Black History Month raises awareness

by Beacon Staff • February 22, 2006

When Dr. Carter Woodson expanded "Negro History Week" into Black History Month in 1926, his greatest goal for the celebration of African-American culture was to see it become ultimately unnecessary, according to Dr. William Smith, executive director of Emerson's Center for Diversity.

"His hope was that as we become a more unified society, African history would become fully integrated into the society of the United States," said Smith, who is black.

Recent events at Emerson have suggested that there are still issues of race and prejudice in our society. Last spring, the racial epithets "tar baby" and "mud shark" were written on a white board on a door of a Little Building dormitory room.

Hurricane Katrina also sparked racial debate in the community. At a Nov. 1 Town Hall Meeting on Katrina, Race and Poverty, Dean of the School of Communication Stuart Sigman bypassed a line of students to challenge the panelists' notion that problems experienced in the aftermath of Katrina were solely based on racism, The Beacon reported.

Sigman apologized to anyone who may have been offended by his remarks at a later meeting, where he and several other college officials discussed how to better racial relations on campus.

Jag Ramdas, director of multicultural affairs, said diversity at the college is in need of improvement.

"If you're a white kid, you can go four years at Emerson College without interacting with a single person of color," said Ramdas, who is Indian.

Emerson College has a multicultural student population of just 13 percent, according to Registrar William DeWolf.

"I certainly won't see that day [when Black History Month can be abolished] in my lifetime," Smith said.

Many students interviewed said they were dissatisfied with the observance of Black History Month on campus.

"I don't feel a whole lot of the presence of what Black History Month is supposed to be about," said junior print journalism major Darren Sands.

Rather than "a superficial conversation about Toni Morrison," Sands, who is black, said he would like to see "more of the positives of our culture, like the accomplishments of hip-hop, political activism and the love and respect of our elders.
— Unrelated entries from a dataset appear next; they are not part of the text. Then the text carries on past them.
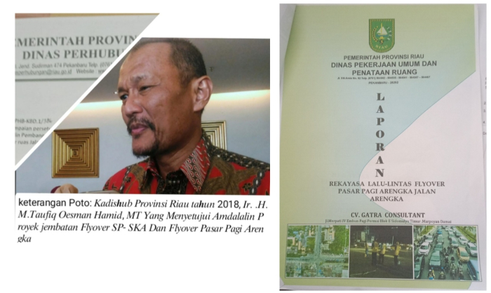 Informasi yang diperoleh Pewarta Andalalin tandingan dari CV. Gatra Consultant yang digunakan untuk pembangunan Flyover Simpang Pasar Pagi Arengka di Jalan Soekarno Hatta/HR Soebrantas dan pembangunan Fly Over Simpang SKA di setuju juga oleh Kadishub provinsi Riau, sedangkan yang punya kontrak Awal Andalalin tersebut adalah PT. Nusa Karya Dupama yang digunakan untuk Pekerjaan kedua flyover tersebut.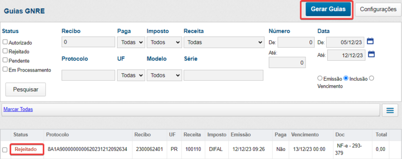 Na tela “Selecionar documentos para gerar Guia” é preciso marcar o campo “Exibir Documentos Concluídos”, com isso, será apresentado na lista o documento para o qual foi gerada uma guia que foi rejeitada, permitindo assim a emissão de uma nova guia.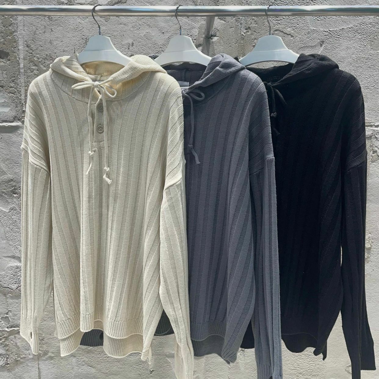 暗直紋半開胸連帽針織衫 WEEKEND-013T
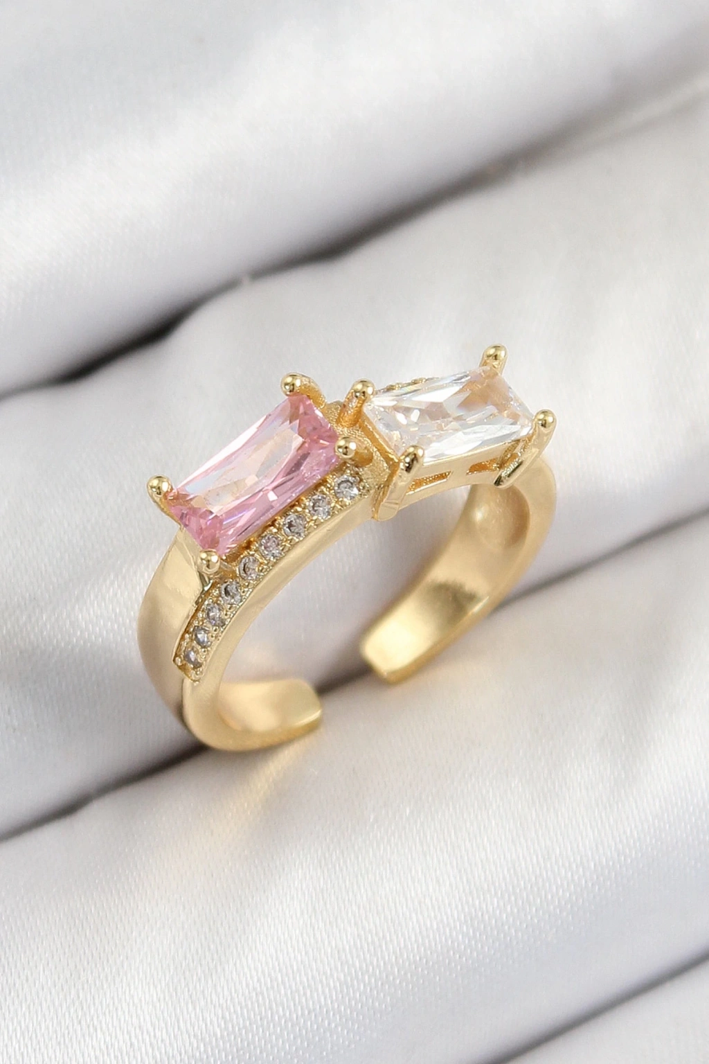 BFS Pirinç Zirkon Taşlı Dikdörtgen Model Gold Renk Kadın Yüzük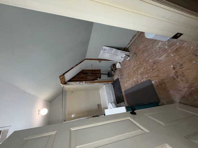 Plumbing demolition exposed the shower and tub plumbing walls so we could remove the existing valve, trim, supply lines, and drain components that needed to be reconfigured. All active water supply lines were capped and secured to leave a safe, shut condition for the rough-in phase. The subfloor beneath the vanity and toilet was removed where damaged, and we cut clean edges to allow proper future patching while checking floor framing for structural or moisture issues.

Expressing that to the student body-to me-is more important."

Orson Oblowitz, a freshman film major, said he thought the purpose of Black History Month would be further realized if the college had a more diverse student body.

"[Emerson] projects an image of being a primarily Caucasian school," said Oblowitz, who is white. "Therefore, Black History Month has no relevance when the people it's meant to celebrate are not part of the community."
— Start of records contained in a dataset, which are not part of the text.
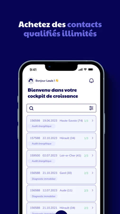 Avec Jaqe, trouvez facilement des contacts de prestations de diagnostic immobilier sur toute la France. Notre application fluide et moderne vous permet d'accéder à une base de données riche en opportunités commerciales, le tout à portée de main.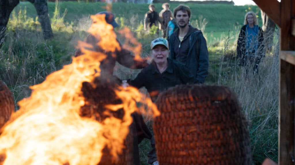 Ihre geliebten Bienen fallen einem Brand zum Opfer: Marlies Feldhusen (Lina Wendel, 2.v.l) ist verzweifelt (mit Henning Flüsloh 2.v.r. und Maria Furtwängler, r.).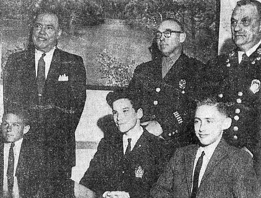 (Telegraph file photo) The three Spring Street Junior High "Officers for a Day" were photographed with their adult counterparts after their classmates elected them in May 1962. From left are Mark Hogan, seated in front of Mayor Mario J. Vagge; Bruce Jasper, in front of Deputy Police Chief John Webster; and Thomas Hall, in front of Fire Chief Albert L. Tanguay. Webster stood in for Chief Paul J. Tracy, who was unavailable.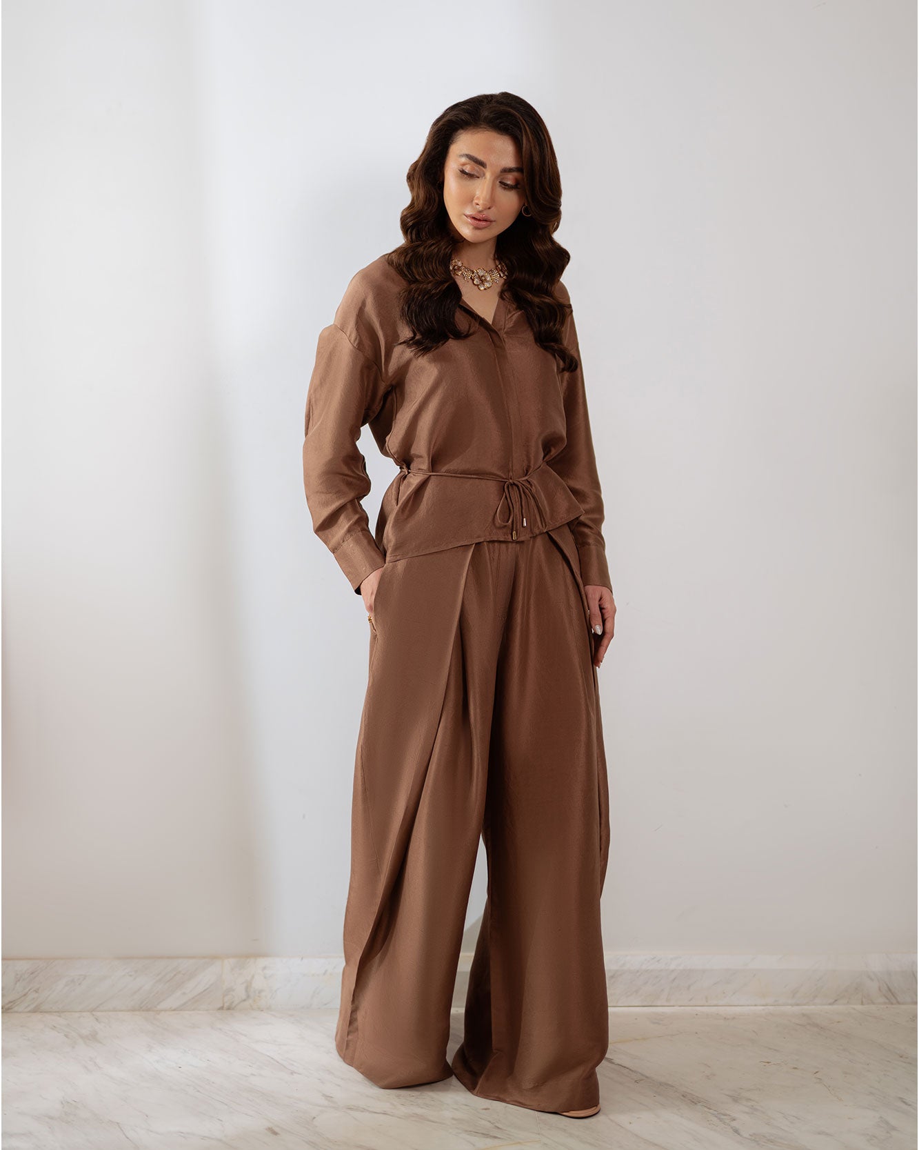 Head-to-toe confidence defines this chic mocha brown raw silk co-ord set, designed for effortless sophistication. The subtle button-down shirt features relaxed dropped shoulders and fitted cuffs, while a delicate drawstring detail cinches the waist for a flattering, structured silhouette. Paired with high-waisted pleated flared pants, the ensemble flows with graceful movement and modern ease.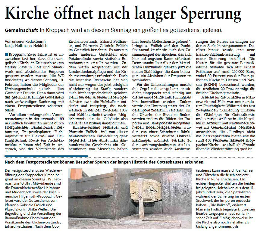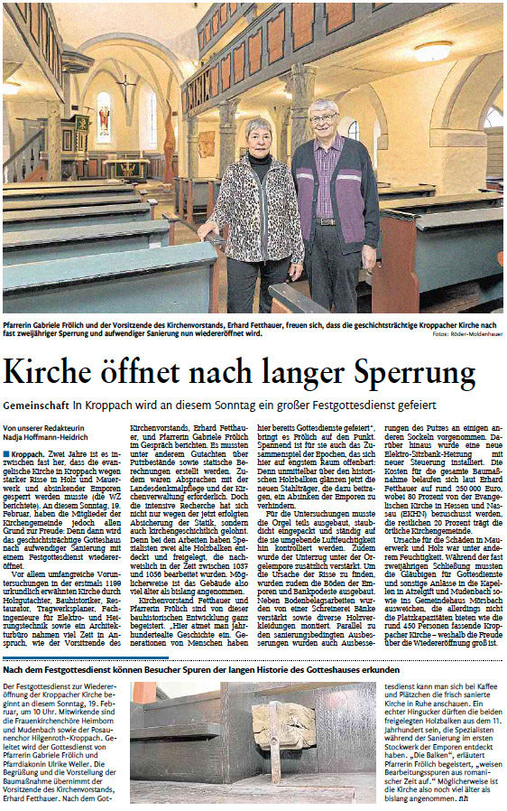 Kirche öffnet nach langer SperrungAllgemein / 22. März 2017 22. März 2017 Für eine vergößerte Ansicht des Textes bitte auf den Artikel klicken. Veröffentlichung mit freundlicher Genehmigung der Rhein-Zeitung. Erschienen in der Westerwälder Zeitung vom 18. Februar 2017

Smith said the perception that Black History Month matters for just a 28- or 29-day period is also problematic.

"The topic of race and ethnic diversity is not confined to Black History Month," Smith said.

Ramdas said he believes it's important for students at a school focused on communication to understand the role the media plays in racial issues.
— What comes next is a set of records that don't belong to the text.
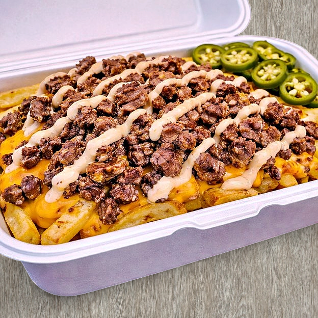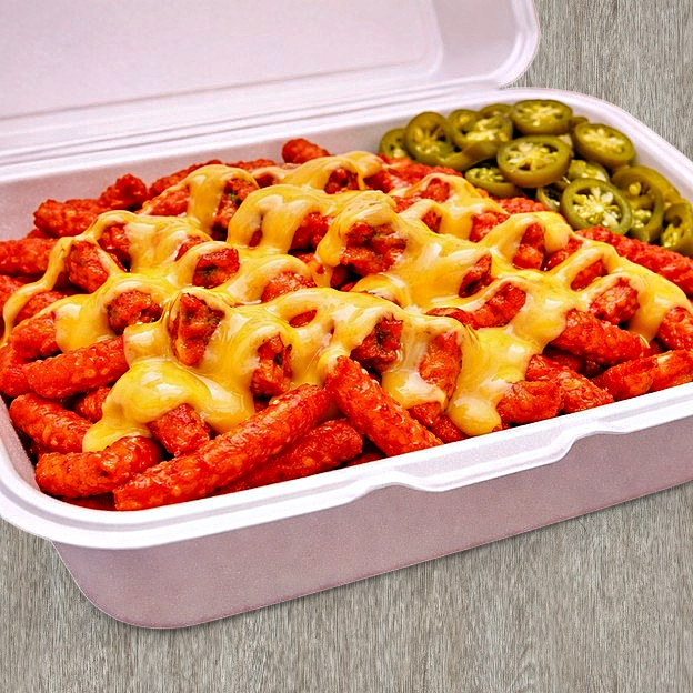 Incluye Frijoles, Queso, (Opción de Carne), Hot Cheetos, Queso De Nacho, Jalapeños, Mayonesa. Includes Beans, Cheese, (Choice of meat), Hot Cheetos, Nacho Cheese, Jalapeños, Mayonnaise.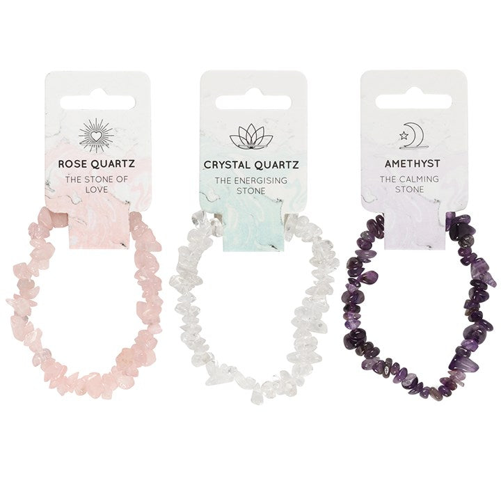 These super cute Semi-precious crystal stretch bracelets features 3 differing styles with unique healing properties.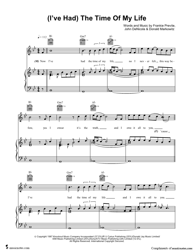 Now I've had the time of my life, no I never felt this way before, yes I swear it's the truth, and I owe it all to you, |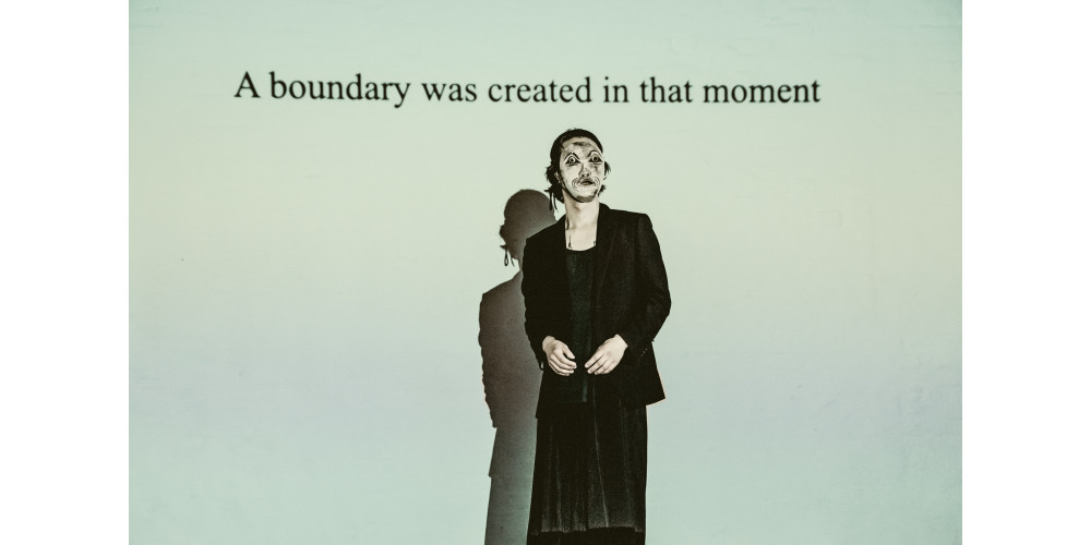 After the chaos of overlapping projections and the Buddhist concept of shura (conflict, suffering, ceaseless agitation), the stage empties. Kawamura stands still, removes his mask and starts to speak. He describes losing someone important. In a poetic voice, the dead become stars that are luminous, distant and visible.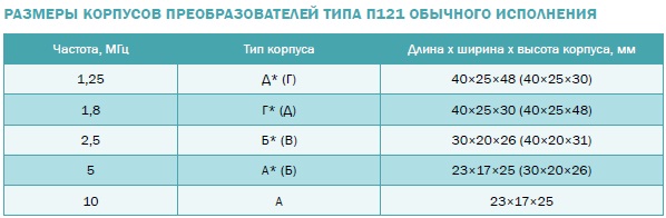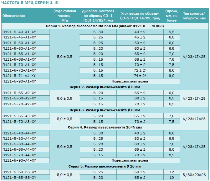 Преобразователи наклонные контактные совмещенные типа П121 (частота 5 МГц серии 1–5)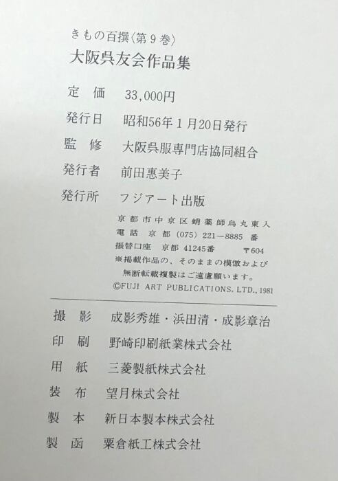 タイトル:図録 きもの百選 第9巻 大阪呉友会作品集 フジアート出版

"You look at the Million-Man March, and there really wasn't any coverage of it. We knew Al Sharpton had a role and we knew that [Louis] Farrakhan had a major role, but only as a Muslim leader. The media portrayed him as way out there, and the public viewed him as almost a terrorist," Ramdas said.

Ramdas also said that issues of racial equality are still relevant.

"People don't realize that the civil rights movement happened yesterday, that it's happening everyday," Ramdas said. "The 'colorblind' generation of today say that they don't see color, it doesn't matter whether someone is black, blue or green, they are all the same. If this was true, the US would truly be a place of equal opportunities, and Katrina's effect would not have been felt most heavily by African-Americans."

Ramdas said he believes that cultural diversity should be accepted and celebrated as a crucial component to achieving an integration of other cultures into American society.

"The other sad part of this is that this colorblind generation is also culture blind-meaning not only do they not see color, they don't see culture," Ramdas said. "Kids are coming into Emerson not aware of their own culture, not knowing what it means to be African-American in America."

Many of the events that Ramdas chose to sponsor as the Director of Multicultural Affairs attempt to elucidate "the roles that Africans played in the development of America and American History."

Earlier in February, the Cultural Center presented plays and films that focused on African-American history, including Martin Luther King, the struggle to be freed from the bonds of slavery and the struggle to survive after the Civil War.

Several observances, including an open-mic night sponsored by EBONI and Multicultural Affairs and a new Center for Diversity initiative that would recognize students and faculty that promote cultural diversity, are scheduled for the month.

Smith said he hopes the events will further young people's racial awareness, and although he doesn't think he will see the day when Black History Month will no longer be needed, he believes students will see this change in their lifetimes, if they work toward it.

"Students should be hastening the day when there is no Black History Month," he said.

Ramdas said he thinks there must be more progress toward racial understanding before such a day could happen.

"[Black History Month] was created in 1926, and here we are in 2006 and we still haven't integrated African-American history into American history," Ramdas said. "We still have hate graffiti at places like Emerson College."

Amanda Pinto contributed to this report.